"C'est encore un sacrifice a faire, mes pauvres enfants, dit le comte
en les embrassant avec tendresse; votre maman a defendu a Blaise de
vous voir, soit chez lui, soit ailleurs; le pauvre garcon a promis
d'obeir; il m'a demande de lui venir en aide pour tenir sa promesse;
je le lui ai promis, quelque penible et douloureuse que me soit
cette contrainte. Je ne crois pas pouvoir mieux l'aider qu'en vous
communiquant cette resolution si penible. Je suis certain que ni toi,
ma bonne Helene, ni toi, mon pauvre Jules, vous ne chercherez a le
faire manquer a sa parole, et que vous n'augmenterez pas son chagrin
en l'obligeant a repousser les occasions de rapprochement que vous lui
offririez.
--Pauvre Blaise! pauvre Blaise! s'ecrierent Helene et Jules, les yeux
pleins de larmes. Vous avez raison, papa, ajouta Jules; nous ne devons
pas rendre son sacrifice plus douloureux en le forcant a nous fuir.
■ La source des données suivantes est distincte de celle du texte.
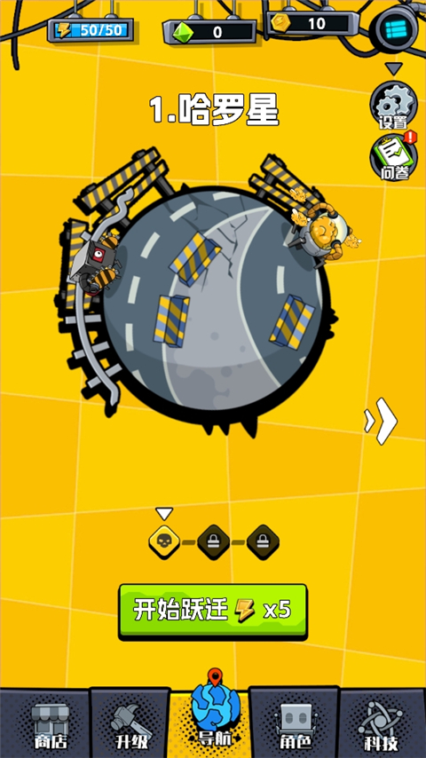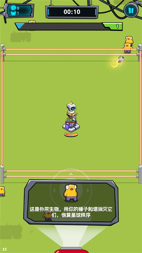 4、黄色角色是外来生物,玩家可以用你的锤子和塔消灭它们,恢复星球秩序;

Nous eviterons de passer devant sa maison, et nous ne lui ferons meme
rien dire par vous, pour ne pas lui donner la tentation de repondre ou
le chagrin de ne pas repondre. Mais vous lui direz, papa, combien cet
effort m'est penible, avec quelle tristesse, quel regret je penserai a
lui, a nos bonnes conversations d'autrefois. Pauvre Blaise! il souffre
de cette separation injuste et cruelle. Je ne comprends pas comment
maman peut etre si injuste pour cet excellent garcon. Elle devrait
l'attirer, au lieu de le repousser; l'aimer, au lieu...
LE COMTE
Jules, Jules, respecte ta mere, mon enfant; conforme-toi a ses ordres
sans les juger, sans les blamer. Souviens-toi que nous-memes nous
avons partage ses preventions; qu'il y a peu de semaines encore je
defendais a Blaise l'entree du chateau; que c'est ta maladie qui a
tout change, et que, sans tes aveux, le pauvre garcon souffrirait
encore de l'opinion si fausse que j'avais de lui.
JULES
Oui, papa, tout cela par ma faute, par suite de mes mechancetes,
de mes calomnies contre ce bon Blaise. Je l'ai toujours estime et
respecte, parce que je l'ai connu des le commencement; mais je
l'ai perdu de reputation par jalousie et par la malveillance que
j'eprouvais contre tous ceux qui etaient bons. La pauvre Helene sait
ce que j'etais; c'est le remords qui m'a rendu malade, et je suis sur
que ce sont les prieres de mon cher Blaise qui ont change mon coeur...
et le votre, ajouta-t-il en embrassant tendrement son pere. N'est-il
pas vrai, papa, que nous sommes bien changes?